Poi, però, il talento di didatta gli aprì le porte di un nuovo mestiere, quello che aveva già dentro di sé. Portogallo, Inghilterra, Ungheria, Israele e Svizzera sono state le tappe di avvicinamento tecnico alla serie A, dove nel 2015 gli fu affidata la guida della Fiorentina. Sei vittorie nelle prime sette partite significarono il primo posto in classifica dopo sedici anni e una stima sconfinata, seconda quella regola per cui i risultati sono tutto, e quando poi mancano sono la fine di quasi tutto. Amato dai giocatori e dallo staff, dal presidente ai magazzinieri, Paulo Sousa riuscì ad arrivare quinto: gran risultato, al punto però da ingenerare qualche illusione e rendere l’ottavo posto della stagione seguente quasi un fallimento, tanto che Paulo non venne confermato e gli fu preferito Pioli, scelta peraltro notevole.

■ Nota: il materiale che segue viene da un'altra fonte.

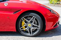 Voorkant en wiel met gele remmen van een rode Ferrari.
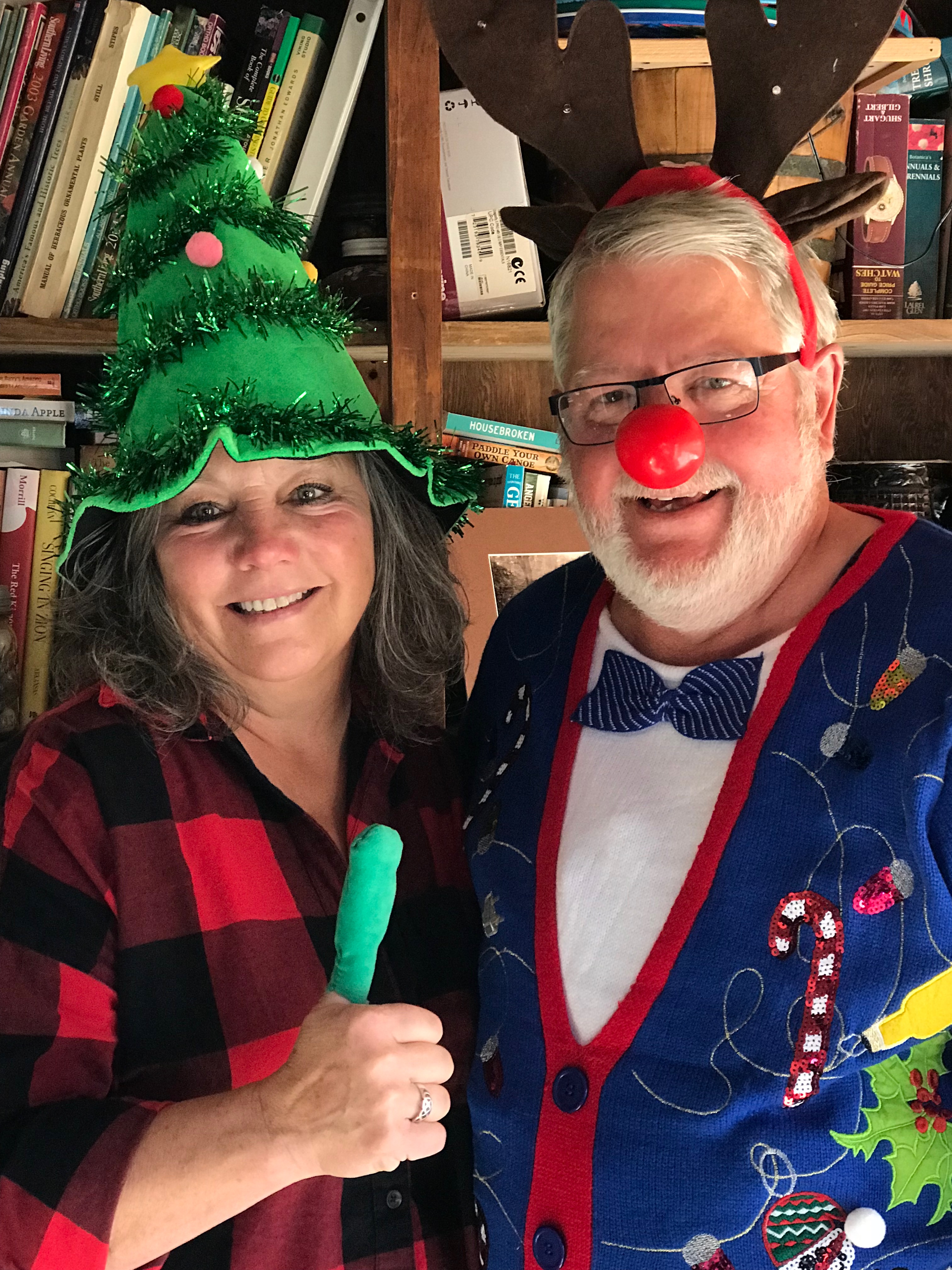 Merry Christmas from Russell the Red-Nose Writer & Connie the Green-Thumb Gardener
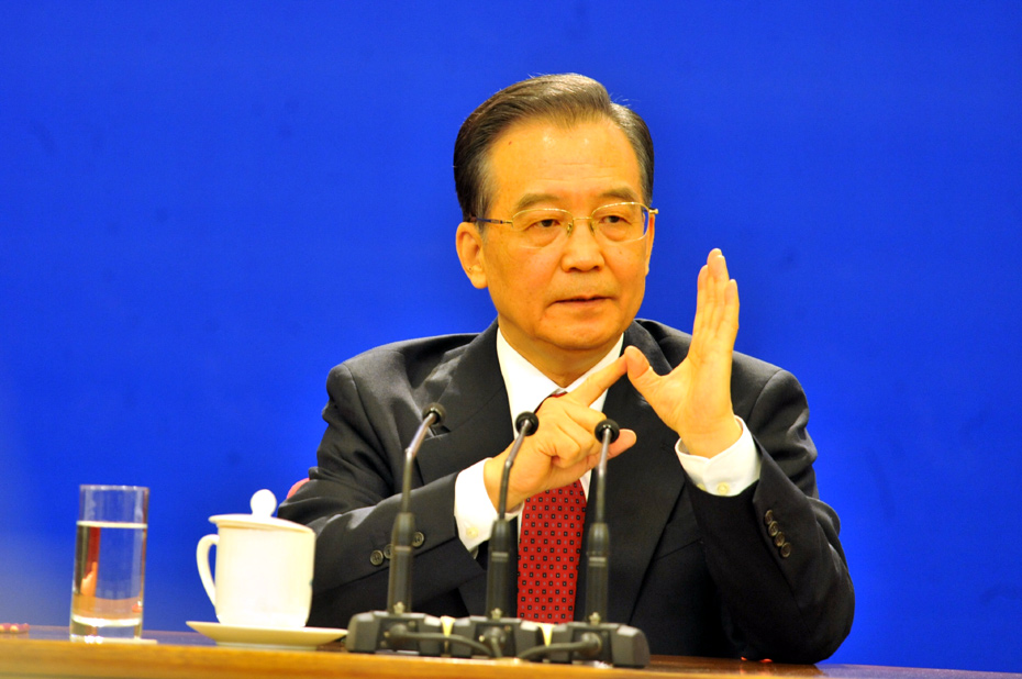 3月14日上午,國(guó)務(wù)院總理溫家寶在人民大會(huì)堂三樓金色大廳與采訪十一屆全國(guó)人大三次會(huì)議的中外記者見面并回答記者提出的問(wèn)題。中新社記者 賈國(guó)榮 攝 圖片來(lái)源:中國(guó)新聞網(wǎng)

Da quel momento, la stella di Paulo Sousa si è un poco offuscata. Le esperienze al Tianjin Quanjian (con esonero) e al Bordeaux (contratto rescisso) non hanno confermato la visione iniziale di un allenatore preparatissimo, intelligente, carismatico ma forse troppo quieto, troppo signore per poter nuotare con disinvoltura nelle vasche degli squali. Quella che Zibì Boniek gli offre adesso è un’occasione per risalire, sebbene la Polonia non sia calcisticamente a centro del mondo. Ma i veri maestri cominciano dalle elementari.